The structure of $\Bbb Z_n=\{ kmod(p)|(n,p)=1\}$

Question

this question may seem stupid, but the way a question was phrased by my lecturer has made me a tad confused.

So just to check my understanding first;

$\Bbb Z_p=\{0,1,2,3,....,p-1\}$ is the cyclic group of integers modulo p. the fact that it is prime just means that the only subgroups are the trivial subgroup and the group itself.

if it were not prime it would still have the same structure eg. $\Bbb Z_6=\{0,1,2,3,4,5\}$.

now my question;

1) How do you find the group of units for some arbitrary group

2) What is the structure of $\Bbb Z_n=\{ kmod(p)|(n,p)=1\}$ ? I feel that it will not simply be {0,1,2,3,...n-1}

Answer 1

Suppose that $u\in \mathbb Z_n$ is a unit.

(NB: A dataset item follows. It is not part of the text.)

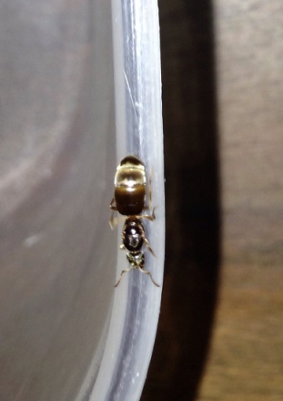 26.07.2014, Samstag1 Königin, Alter 7 Tage7 Eier0 Larven0 Puppen0 Arbeiterinnen Eier! Seit der letzten Zwangsumsiedelung habe ich sie in einem Schrank in völliger Dunkelheit in Ruhe gelassen - und siehe da, ich konnte heute einen Pack Eier entdecken. GezĂ€hlt habe ich bislang 7, sie hat die zukĂŒnftigen PygmĂ€en bei Lichteinfall auch zwischen die

Then there exists $x\in\mathbb Z_n$ such that $ux=1$ in $\mathbb Z_n$, or $$ux\equiv 1\bmod n$$ in $\mathbb Z$. That is, there exists $y\in\mathbb Z$ such that $ux+ny=1$. By Bézout's Identity, this occurs if and only if $\gcd(u,n)=1$. Thus, the unit group of $\mathbb Z_n$ is the set of nonnegative integers less than and coprime to $n$: $$U_n=\{u\in\mathbb Z: \gcd(u,n)=1\}$$

The structure of $U_n$ is very different from that of $\mathbb Z_n$. The most important difference is that it is not closed under addition and has no well-defined addition operation.

Answer 2

1) "How do you find the group of units?" The group of units $U(n)$ of the ring $\Bbb{Z}_n$ has $\phi(n)$ elements, and just consists of the representatives $k$ with $0\le k\le n-1$ which are coprime to $n$. An arbitrary group does not have a group of units.

2) Indeed, the structure is different. First of all, $U(n)$ does not have oder $n$, but only $\phi(n)$, which is smaller than $n$ for $n\ge 2$. So the cyclic group $C_n$ of order $n$ and $U(n)$ have different orders, and moreover $U(n)$ need not be cyclic.